1. The problem statement, all variables and given/known data
On Earth, an average person's vertical jump is 0.40m. What is it on the Moon?
2. Relevant equations
Fg 1 on 2 = G(m1m2/r^2)
G= 6.67 x 10^-11
3. The attempt at a solution
r= 0.40m
F earth on person on Earth's surface = 6.67x10^-11(m earth x m person)/(0.40)^2
r=?
G moon = ?
F moon on person on Moon's surface = G(m moon x m person)/r^2

I'm pretty stuck, and I don't understand if Earth is helpful in solving it or not. The textbook does not give any relevant values/equations except for the ones I typed under 1 and 2. Is G of the moon also 6.67 x 10^-11?

2. Nov 10, 2014

### Staff: Mentor

Hi Alison16, Welcome to Physics Forums.

G is the same for Earth and the Moon and anywhere else; it's what's called a Universal Constant and applies everywhere.

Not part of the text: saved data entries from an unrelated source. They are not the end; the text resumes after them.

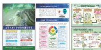
当会作成の環境保全啓発資料
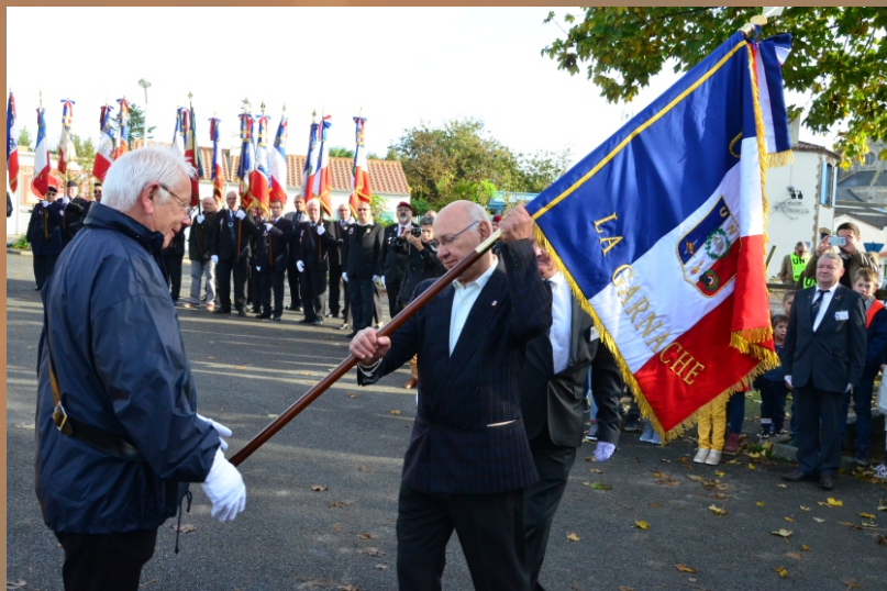
Remise de drapeau à la Garnache
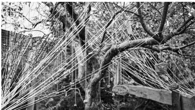
Die fünf Kulturinstitutionen von KreisKultur gehen im Konsortium neue Wege und bündeln ihre Ressourcen.

TRAFÖ-Region Rendsburg-Eckernförde www.kreiskultur.org
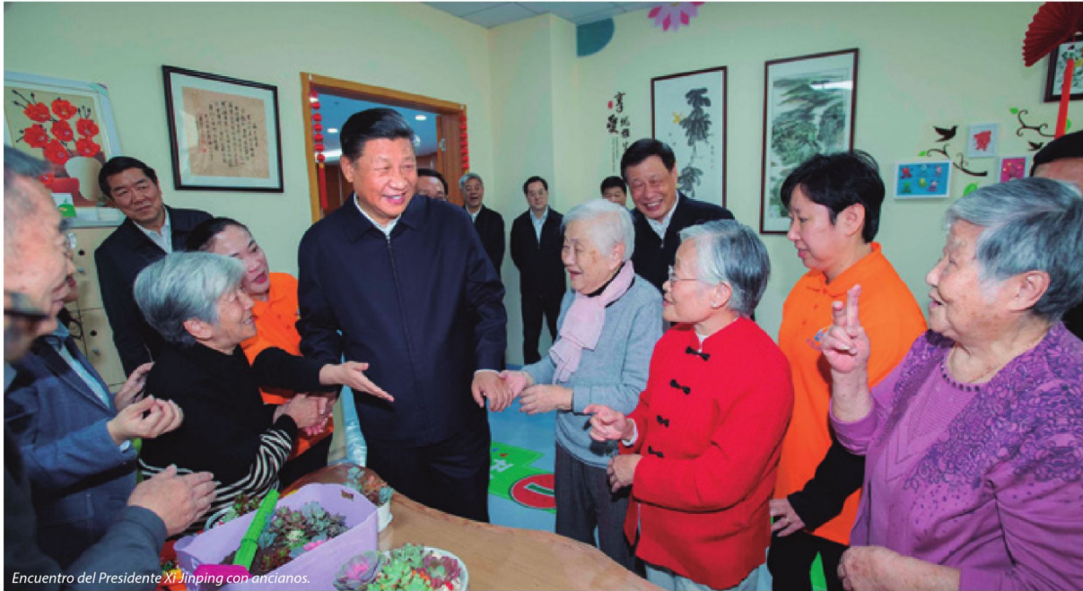
Encuentro del Presidente Xi Jinping con ancianos.
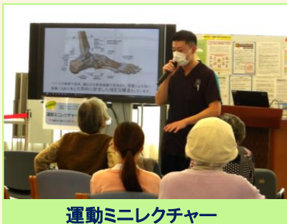
運動ミニレクチャー

今回のフットケアの日イベントを機に、地域の皆さんが自分の足を見つめ直し、定期的にケアしていただけるようになればと思います。
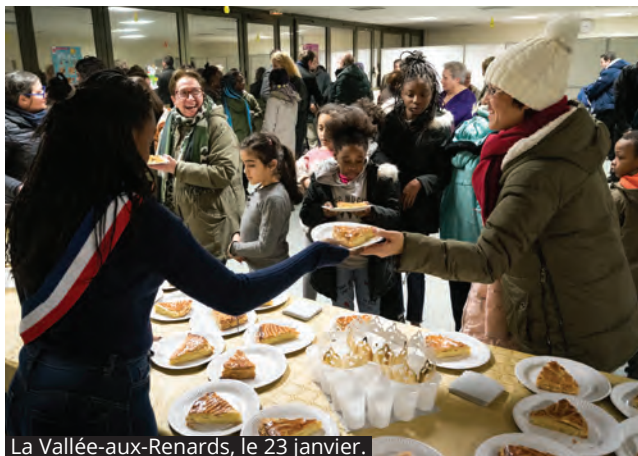
La Vallée-aux-Renards, le 23 janvier.
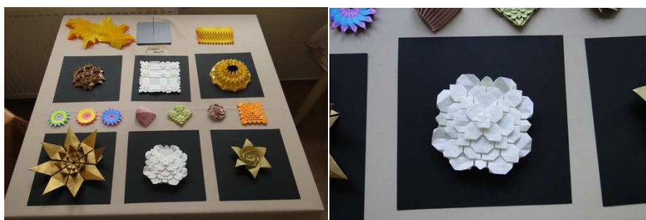
Modele różnych autorów złożone przez Claudię Maroskę.
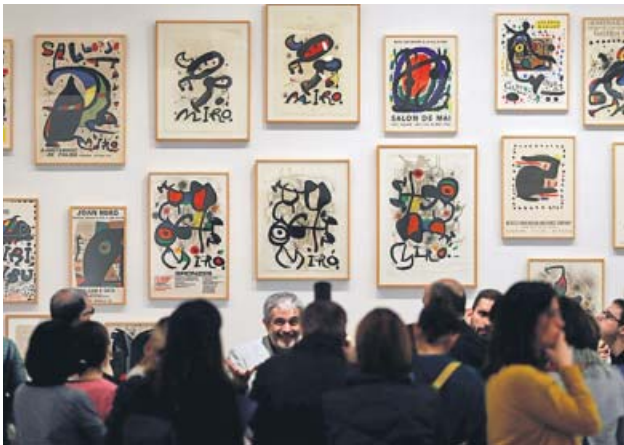
La muestra se abrió ayer al público.
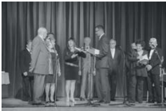
Wieczór autorsko- kabaretowy w Domu Kultury LSM
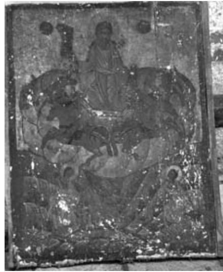
Εικ. 8. Η Ανάλυση του Προφήτη Ηλία, 18ος αιώνας, Γ. Ν. Άγίου Άθανασίου.

Ο 17ος αιώνας μᾶς ἀνταμείβει μὲ ἔργα ἰδιαίτερης ὁμορφιάς, τὰ ὅποια μᾶς ἀποκαλύπτουν ὅτι ἡ μικρὴ μας κωμόπολι ἔχει τὴν δυνατότητα νὰ συναλλάσσεται μὲ καλλιτεχνικὰ κέντρα ἀπὸ τὸ Ἅγιο Ὅρος καὶ τὴν βόρεια Ἑλλάδα. Μερικὲς ἀπὸ τίς πιὸ σπουδαίες εἰκόνες τοῦ 17ου αἰῶνα εἶναι ἡ ὁμορφη εἰκόνα τῶν Ἁγίων Τεσσαράκοντα μαρτύρων, τῶν Εἰσοδίων τῆς Θεοτόκου (εἰκ. 3), τῆς Σύναξης τῶν Ἀποστόλων, ἔργα τοῦ ἰδίου ἀγνώστου καλλιτέχνη. Ἀξιοσημείωτο εἶναι ἓνα ὁμορφο σύνολο τεσσάρων εἰκόνων μεγάλων διαστάσεων (Χριστὸς Παντοκράτορας, Παναγία Βρεφοκρατοῦσα, Προφήτης Ἡλίας, Ἰωάννης Πρόδρομος καὶ Βάπτισις τοῦ Χριστοῦ) μαζί μὲ τμήμα ἐπιστυλίου μὲ θέμα τὴν σύνθεσις τῆς Μεγάλης Δέσις, πιθανότατα ἀπὸ τὸ παλαιὸ τέμπλο τοῦ ναοῦ τῆς Ἁγίας Παρασκευῆς ἢ τοῦ Προφήτη Ἡλία (εἰκ. 4-6) 21 .
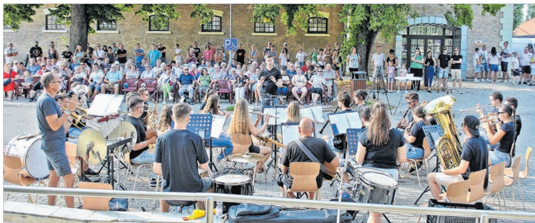
A fesztivál első fellépője a rendező Tolnai Ifjúsági Fúvószenekar volt

A korábbi években kétnapos rendezvény idén csak vasárnapra korlátozódott, de így is nívós zenei élményt nyújtott. Egyenletesen magas színvonalú produkciókkal rukkoltak elő a fellépő zenekarok a MAG-Ház melletti
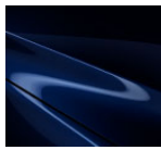
42M Deep Chrystal Blue
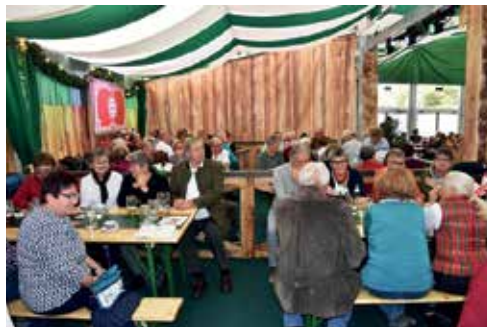
7. Oktober - Kaiserwiese in Wien
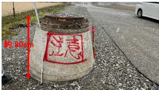
地震によるマンホールの隆起
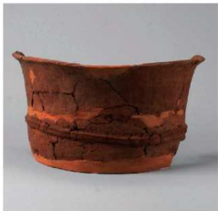
2 D区第16号溝跡 (第345図1)
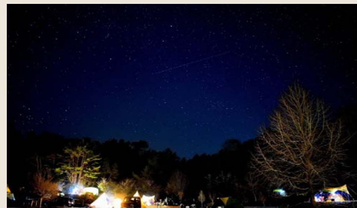
キャンプ場からみる星空（冬）
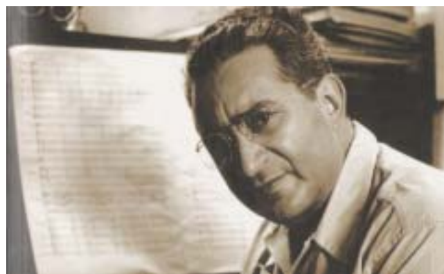
il Maestro Camargo Guarnieri.
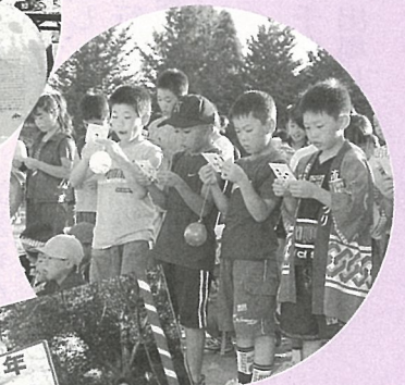
▶わっしょいわっしょい
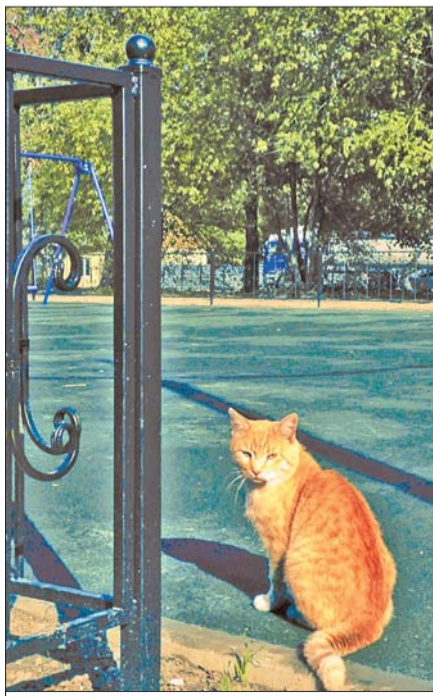
Двор в Копорье (Копорское сельское поселение)
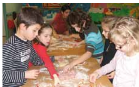
Activité culinaire : j'apprends à faire une pizza à Esprels

Les inscriptions sont possibles tout au long de l'année, pour les enfants scolarisés de 3 à 11 ans.
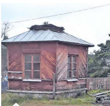
Внутри часовни уже начались восстановительные работы
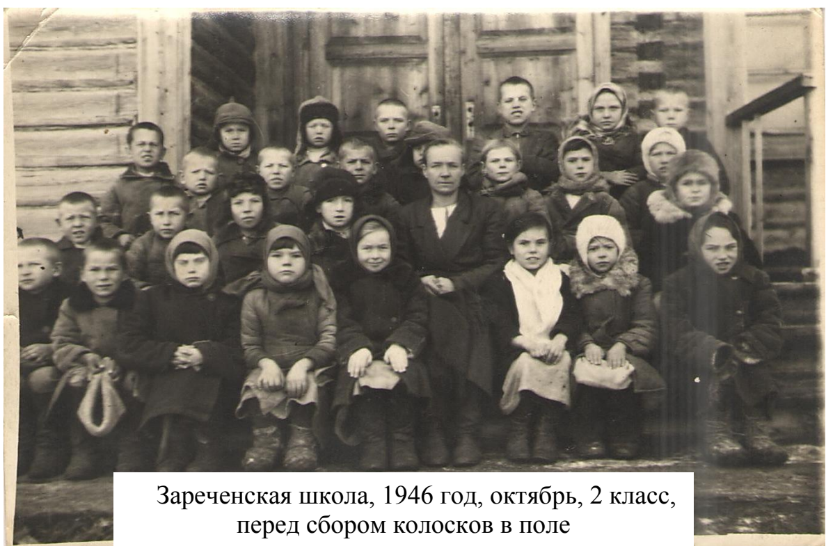
Зареченская школа, 1946 год, октябрь, 2 класс, перед сбором колосков в поле
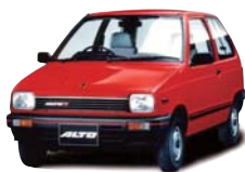
1984年 アルト(2代目) Japan Best Car Design Award 大賞

2~5代目まで、歴代のアルトを担当。「一番安くて、確実に売らなげやいけなククルマ。数を売るのが難しい、プレッシャーはすごいですよ。」

What information do you have about the masses or relative masses of the Earth and Moon? Or perhaps you were given some information about the relative strength of gravity on the Moon versus Earth? You might have to look these things up in your text or course notes.

3. Nov 10, 2014

### alison16

Thanks! I think I found more information. In an example problem, it uses 6.0 x 10^24 kg as Earth's mass. And Moon's as 7.35 x 10^22 kg. Will I use Earth's mass to find the m person? And then use that information to solve F moon on person on Moon's surface = G(m moon x m person)/r^2?

4. Nov 10, 2014

### Staff: Mentor

I think a better approach would be to find the acceleration due to gravity on the Moon's surface (you should already know what it is at the Earth's surface), and then think about conservation of energy. When a person makes a jump, they give themselves some initial kinetic energy depending upon their strength. Assume that it's the same amount of energy they can manage in both cases.

5. Nov 10, 2014

### HallsofIvy

The difference will depend upon two things- the difference in masses of the earth and moon and the difference in radii of the eath and moon.
For a person of mass m on the earth $F_e= \frac{GmM_e}{r_e^2}$ where $M_e$ the mass of the earth and $r_e$ is its radius. Similarly for a person of mass m on the earth $F_m= \frac{GmM_m}{r_m^2}$ where $M_m$ the mass of the moon and $r_m$ is its radius.
The ratio of force on the moon to force on the earth is one divided by the other $\frac{GmM_m}{r_m^2}\frac{r_e^2}{GmM_e}$. The "Gm" terms cancel leaving $\frac{M_m r_e^2}{M_er_m^2}= \frac{M_m}{M_e}\left(\frac{r_e}{r_m}\right)^2$.
Now, how is the height an object can rise to determined by the gravitational force on it?

6. Nov 10, 2014

### alison16

I understand now! Thank you all very much!! :)